When Maria is admitted to an institution for people with mental disabilities, she immediately becomes friends with Dragana. But when they discover that they are both in love with their fellow resident Robert, jealousy turns the two of them into bitter – and dangerous – enemies. Filmed in an institution and featuring residents playing fictionalized versions of themselves, OASIS is an emotionally raw and uncomfortably realistic film about love, friendship and the unquenchable thirst for independence.
In a remote villa somewhere in Austria lives ten-year-old Elli and the man she refers to as “papa”. However, the relationship between the two is not what it seems at first glance. For one thing, “papa” touches Elli in a way no adult should ever touch a child. For the other, Elli is a robot. Combining ideas from Spike Jonze’s HER and Alex Garland’s EX MACHINA with the stark and unpleasant tone of Michael Haneke and Ulrich Seidl, Sandra Wollner’s stylish and atmospheric sci-fi film poses some very uncomfortable questions.

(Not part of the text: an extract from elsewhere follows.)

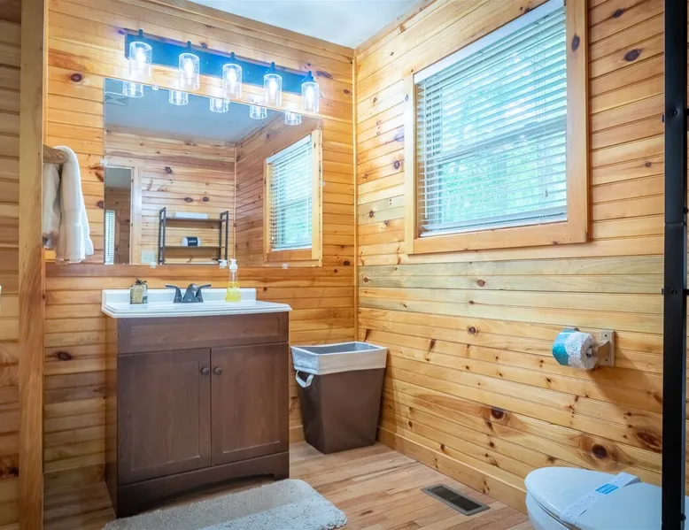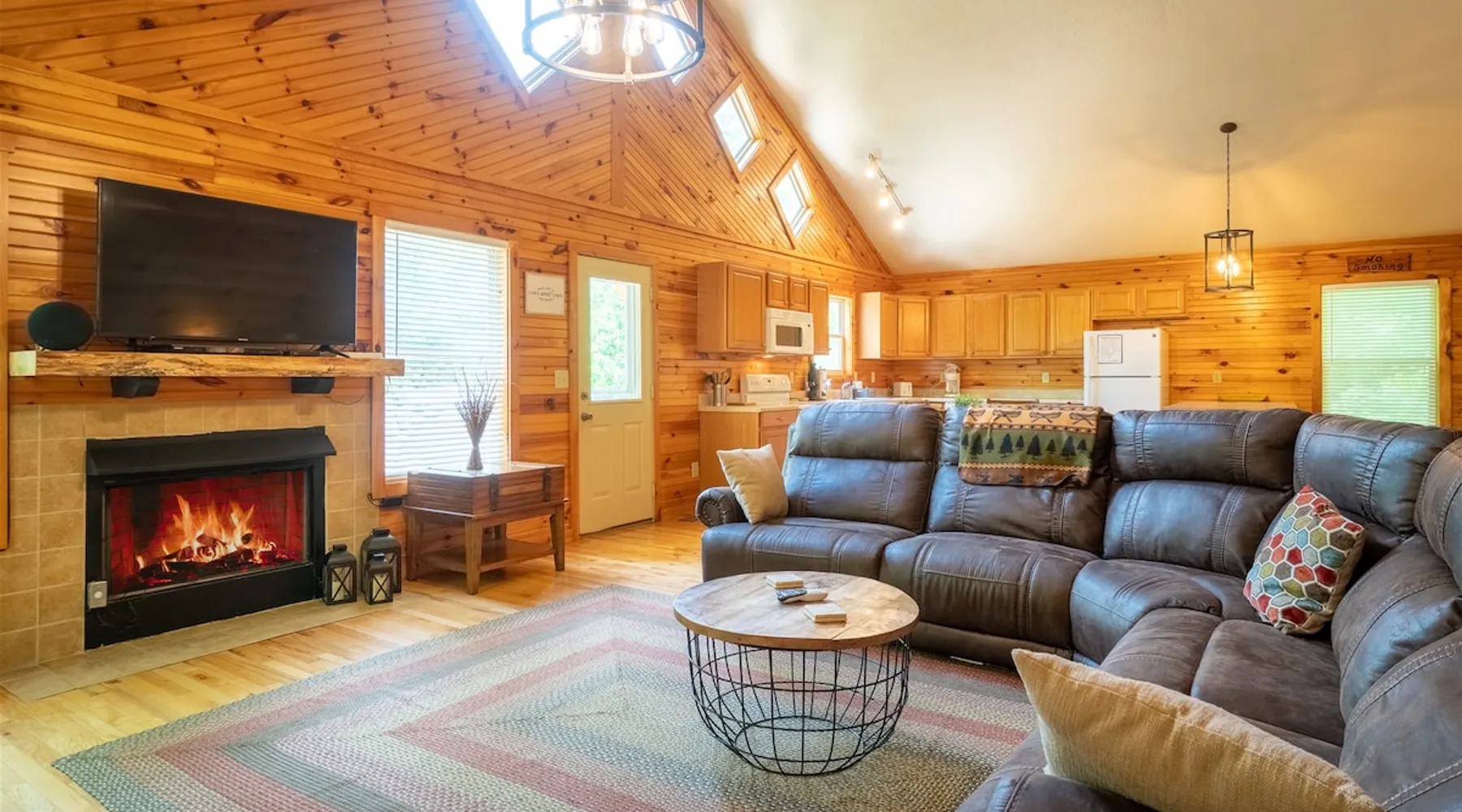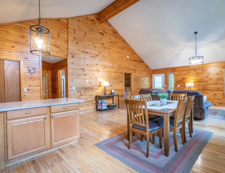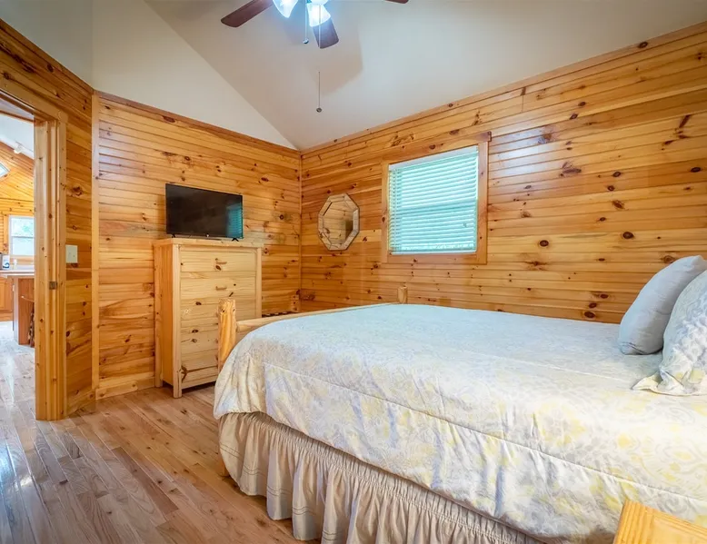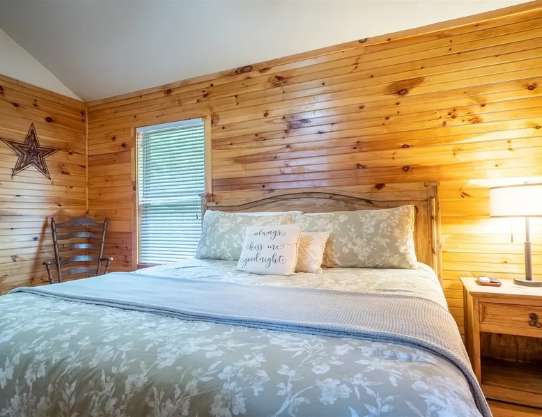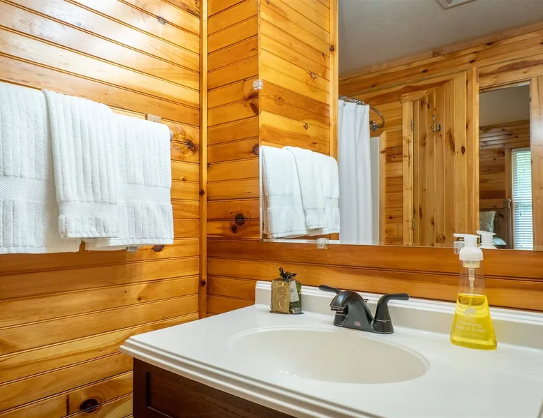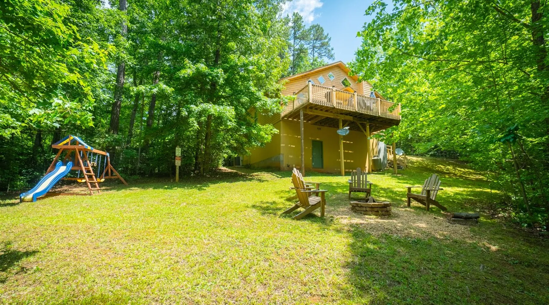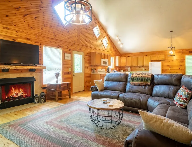 Welcome to Sunny Woods Cabin, your perfect mountain retreat nestled amidst the breathtaking scenery of Sautee Nacoochee, just minutes from Helen. This getaway promises to immerse you in nature's beauty, surrounded by pine trees and mountain vistas. Step inside and feel instantly at home in the spacious open floor plan, featuring vaulted ceilings, a cozy gas log fireplace, and ample natural light. You can enjoy the beautiful view while sipping on a glass of wine and savoring a delicious meal. The space Main Level - Everything on one-level - High-Speed WiFi throughout home - Hardwood Floors throughout - Beautiful tongue-and-groove walls throughout Living Room - Vaulted Ceiling - Gas Logs Fireplace - Smart TV with Netflix & Hulu - Brand New Leather Sectional - Bluetooth Speaker - Family Board Games - Easy Access to Back Deck Kitchen & Dining Area - Fully-Equipped with Essentials - Dining Table for 6 - Bar with Barstools - Refrigerator - Cuban Coffee Maker - Traditional Drip Coffee Maker - Coffee Mugs - Microwave - Dishwasher - Oven / Range - Plateware - Silverware - Glassware - Cookware - Dining Table for 6 - Bar with Barstools Master Bedroom - King Bed - Smart TV - Dresser Master Bathroom - En Suite - Essentials Provided - Shower Guest Bedroom - Queen Bed - Smart TV - Dresser - Closet Guest Bathroom - Essentials Provided - Full Bath with Tub Shower Misc. - Iron & Ironing Board - Washer & Dryer Back Deck - Wooded Views - Propane & Charcoal Smoker Grill - Patio Table with Chairs Backyard - Fire Pit Area - Playground for Kids Other things to note 25+ age requirement for lead guest. No exceptions. This property is not pet-friendly. No exceptions. Digital rental agreement will be required to sign and complete after property is booked. Firewood not supplied for firepit.

In YALDA, A NIGHT FOR FORGIVENESS a young woman sentenced to death for the murder of her husband gets one chance at having her conviction overturned: By begging his relatives for forgiveness on live TV. Using this bizarre and very real form of Iranian television entertainment as a framing device, director Massoud Bakshi expertly ratchets up the tension, as the story behind the husband’s death is slowly revealed. The result is a remarkably suspenseful drama about the inherent misogyny of the religious laws which permeate Iranian society.
The winner will be announced at BIFF's awards ceremony on Thursday 15 October 2020, and the winning films will have an extra screening each during the last festival weekend.